To get started, we recommend the following times and temperatures, and then adjusting from there:
- Best Temperature To Press Kief (Dry Sift) or Hash
- The best temperature for pressing kief or hash is between 170° and 190° F. I recommend starting at 180° F for 65 seconds and adjusting from there. When pressing kief (or hash) you want to keep the temperature lower, but increase the pressing time. This way, you don’t degrade the terpenes from too high a temperature, but still get good yields due to the longer pressing time.
- How Long To Press Kief (Dry Sift) or Hash
- Start with a pressing time of 65 seconds at 180° F and adjust from there. As mentioned, since you are decreasing the temperatures for hash and dry sift, you want to increase the pressing time.
- Best Temperature and Time To Press Flower
- The ideal range for pressing flower is between 215° and 230° F. I’d start at 220° for about 40 seconds and adjust from there.If you prefer a rosin with more of a batter-like consistency, you’ll want to press much colder and longer. Use a temperature between 160° and 190° F and press for 1 to 5 minutes. This will maximize terpene preservation, but at a sacrifice in yield.

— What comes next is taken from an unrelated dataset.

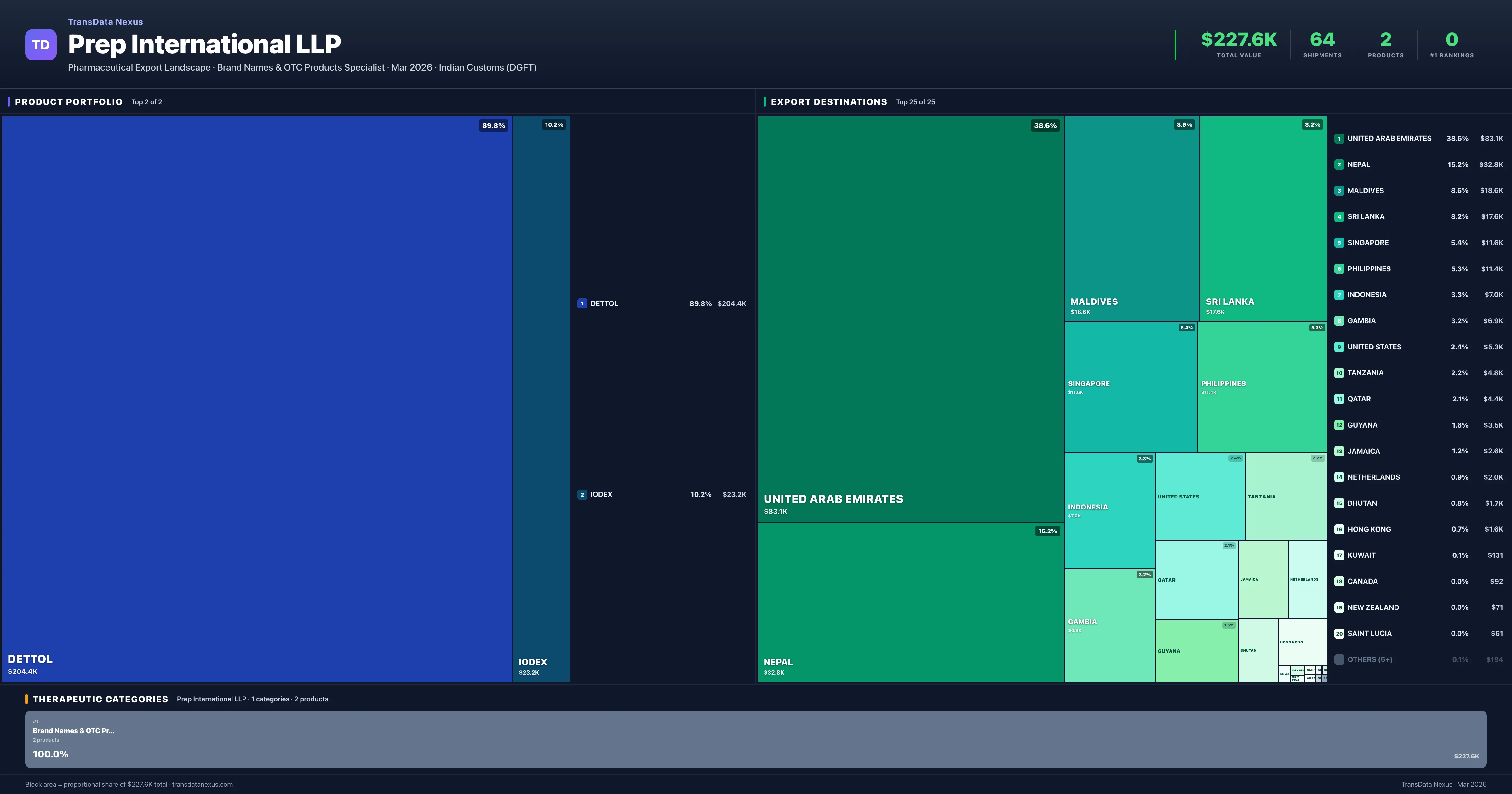 Prep International LLP is an Indian pharmaceutical exporter with a total trade value of $227.6K across 2 products in 1 therapeutic categories. Based on 64 verified export shipments from Indian Customs (DGFT) records, the company actively competes across multiple product segments. Top exports include Dettol ($204.4K), Iodex ($23.2K), .

- Hash: 175° F for 60 seconds
- Dry Sift/Kief: 190° F for 60 seconds
- Flower: 215° F for 35 seconds
- Trim/Leaves/Shake: 225° F for 35 seconds
Step 4: Press Your Material
Take a piece of parchment paper (you may have to cut it, if you are not using the same brand as the press) and fold it in half. Place you filter bag with the material in between the two halves of the parchment paper and put everything on top of the bottom pressing plate. Make sure the material is in the middle of the plate. Engage the press. When it is done, remove the material from the parchment paper. You can go ahead and press a second, and even third, time. Yields and quality go down with each subsequent press, but you generally still get a good bit of extract, so it’s usually worth it.
Best PSI For Rosin
If your press allows you to control the amount of pressure delivered like our 20 Ton Crusher Electronic Rosin Press, you might consider keeping pressure levels within the ideal ranges. In order to calculate the psi (pounds per square inch) of your press from the pressure given in tons, perform the following calculation:
- Convert the pressure to pounds (1 t = 2000 lbs): a 10 ton press is 20,000 lbs
- Calculate the size in square inches of the bag (not the plates): a 2 x 6 bag is actually 1.8 x 6 when you factor in the seems, so it is 1.8 x 6 = 10.8 square inches
- Divide the pressure in pounds by the size of the bag: 20,000 lbs / 10.8 sq in = 1852 psi
As you can see, with that bag size, a 10 ton press delivers far more pressure than is actually ideal. 5 tons of pressure would be plenty for any type of material with that same bag size (5 tons is 10,000 lbs / 10.8 = 926 psi). As with anything, this all depends on so many factors: the strain and quality of the input material, the relative humidity (ideally 55% to 62%) and your personal preference among others. That is why the key is to start with small amounts and adjust temperature, time and pressure until you find the right combination for that strain and your tastes. Then ramp up production.